The Arts of Zen Explained


The art forms associated with the practice of Zen Buddhism are a way of approaching the artisan’s role in the totality of their existence. To practice Zen is to achieve a quality of life that they radiate through their art. Walking the Zen path is being mindful of every thought and action; to be aware of the wonder of each separate moment. Zen arts make real the beauty and grace in each of those captured moments.

Zazen is the art of “just sitting”. Eyes open the practitioner of this meditative technique and do not shut themselves off from the world. They cultivate awareness of the world, its good and bad, beautiful and ugly, real and unreal that is around them. Zen meditation is at the core of the Zen art forms.

Chinese and Japanese martial arts have strong ties to the practice of Zen (Ch’an in Chinese).

The Shao’Lin monks in China and the concept of Budo in Japan link the practice of Zen to acts of martial prowess. In both, the body and mind must not be viewed as separate.

The ego is vanquished and the reality of the body-mind, the unbreakable connection that leads to action without the need for thought is developed.

Other, more esoteric arts have direct connections to Zen. They are artistic pursuits where “being in the moment” lends a graceful flow and stark beauty to each action. The doing is more important than done.

The ritual of Chado, the Japanese Tea Ceremony began in China, and came with Buddhism to Japan. The Chinese text “The Classic of Tea” (Lu Yu, 9th Century) gave the instructions for correctly growing and preparing tea. Japanese Zen Buddhist monks recognized the influence of Chinese Ch’an (Zen) on the ritual. Tea ceremonies were used to honor Bodhidharma (1st Zen Patriarch) by the 12th Century.

Japanese and Chinese calligraphy is expression drawn from the artist’s subconscious.

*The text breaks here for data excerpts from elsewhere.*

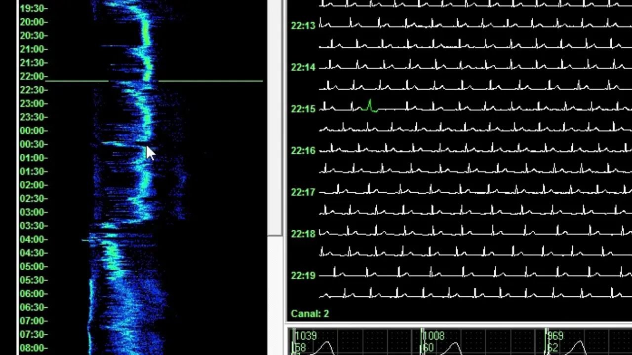 Histogramas 2D exclusivos y tiras de scan de hasta 60 minutos con eventos resaltados para una interpretación clara y rápida.
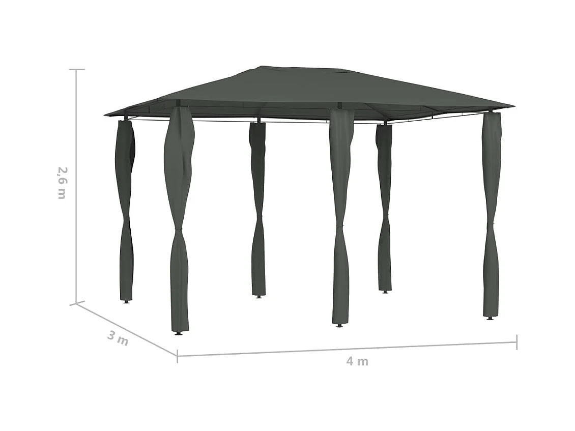 Belvédère à revêtement de poteaux 3x4x2,6 m Anthracite 160 g/m²
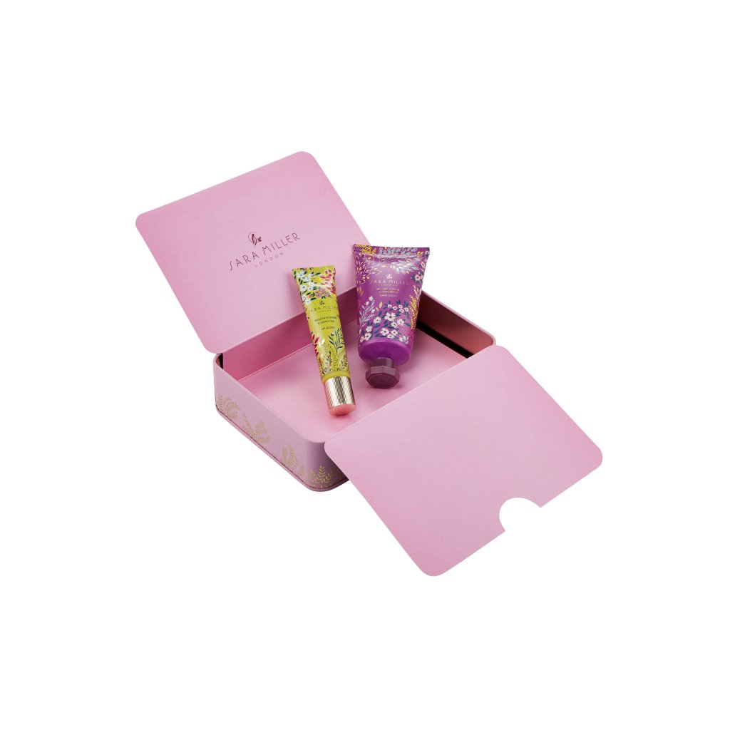 Setul de cadou de lux include cremă de mâini și luciu de buze cu un parfum exotic de floarea pasiunii și plumeria. Într-o cutie de aluminiu semnată de designerul Sara Miller.

Each letter, once drawn cannot be altered any way so each is truly from their unique moment. Zen practice develops the connection between body-mind and brush evident in the works of many calligraphy masters.

Haiku, in its traditional lines of 5/7/5 syllables, is improved by practicing Zen meditation. The finest examples of Haiku poetry are a result of the writer becoming one with the subject. Zen meditation teaches the level of awareness that makes that interconnection between subject and poet tangible. Many of the greatest Haiku Masters practiced Zen.

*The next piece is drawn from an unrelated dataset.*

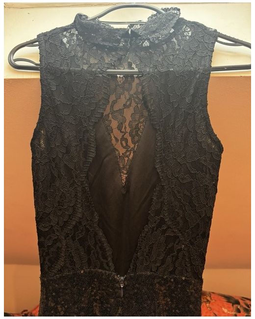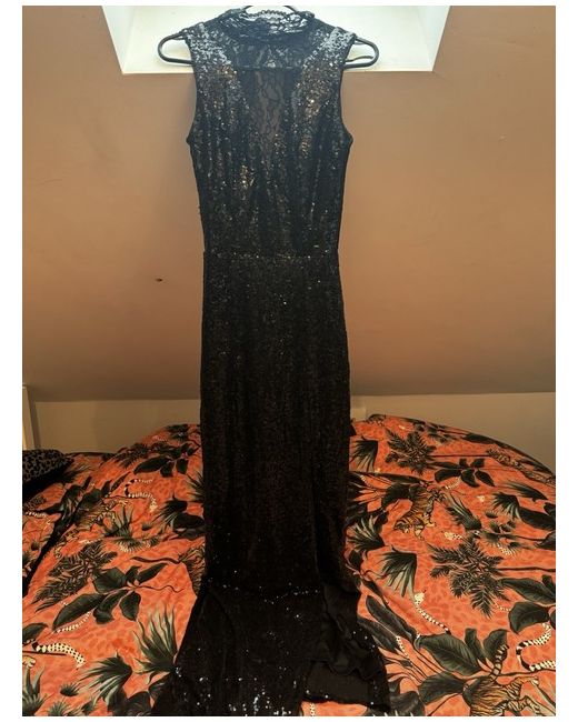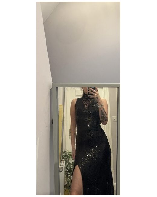 Gorgeous long TFNC sequin black slit sparkly dress , lace collar and backless with a zip and a leg slit . Lace detailing on the back. It’s a heavy good material and I am very sad to be selling it I just don’t think I will go anywhere for it to be worn :( Perfect for an occasion like prom :) In perfect condition no tags

Ikebana, or “living flowers” is the Japanese art of flower arranging. It developed in the 7th Century shortly after the arrival of Buddhism in Japan. Until the 1900s only royalty and samurai were taught Ikebana at Buddhist temples. Masters of Ikebana are deeply connected to the harmony and asymmetry of nature and their arrangements reveal it.

You do not have to be “just sitting”, doing martial arts, arranging flowers, writing poetry, or preparing tea to practice Zen. It is a way of living every moment as it happens. It is being aware of the interdependent origination of all things.